» Directions
Below are several entries. Transcribe exactly those lines that fall from the one with "100% ökologisches Qualitätsprodukt." through the one with "Відлитий під тиском", end lines included.

» Supplied data

Content starts

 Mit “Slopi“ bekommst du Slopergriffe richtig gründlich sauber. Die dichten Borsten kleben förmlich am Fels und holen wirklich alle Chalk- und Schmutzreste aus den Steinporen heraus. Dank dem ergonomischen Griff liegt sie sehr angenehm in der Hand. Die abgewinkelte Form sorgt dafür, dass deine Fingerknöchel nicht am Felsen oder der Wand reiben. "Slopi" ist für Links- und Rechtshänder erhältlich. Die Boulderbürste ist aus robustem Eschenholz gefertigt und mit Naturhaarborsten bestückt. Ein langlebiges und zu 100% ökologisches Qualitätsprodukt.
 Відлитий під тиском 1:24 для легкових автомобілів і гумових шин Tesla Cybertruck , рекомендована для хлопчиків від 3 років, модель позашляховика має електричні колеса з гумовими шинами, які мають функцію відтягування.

Content ends
Content starts

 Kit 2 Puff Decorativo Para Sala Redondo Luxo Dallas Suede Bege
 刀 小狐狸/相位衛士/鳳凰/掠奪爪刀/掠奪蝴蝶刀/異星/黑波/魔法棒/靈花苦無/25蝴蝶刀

Content ends

» Answer to the exercise
 Mit “Slopi“ bekommst du Slopergriffe richtig gründlich sauber. Die dichten Borsten kleben förmlich am Fels und holen wirklich alle Chalk- und Schmutzreste aus den Steinporen heraus. Dank dem ergonomischen Griff liegt sie sehr angenehm in der Hand. Die abgewinkelte Form sorgt dafür, dass deine Fingerknöchel nicht am Felsen oder der Wand reiben. "Slopi" ist für Links- und Rechtshänder erhältlich. Die Boulderbürste ist aus robustem Eschenholz gefertigt und mit Naturhaarborsten bestückt. Ein langlebiges und zu 100% ökologisches Qualitätsprodukt.
 Відлитий під тиском 1:24 для легкових автомобілів і гумових шин Tesla Cybertruck , рекомендована для хлопчиків від 3 років, модель позашляховика має електричні колеса з гумовими шинами, які мають функцію відтягування.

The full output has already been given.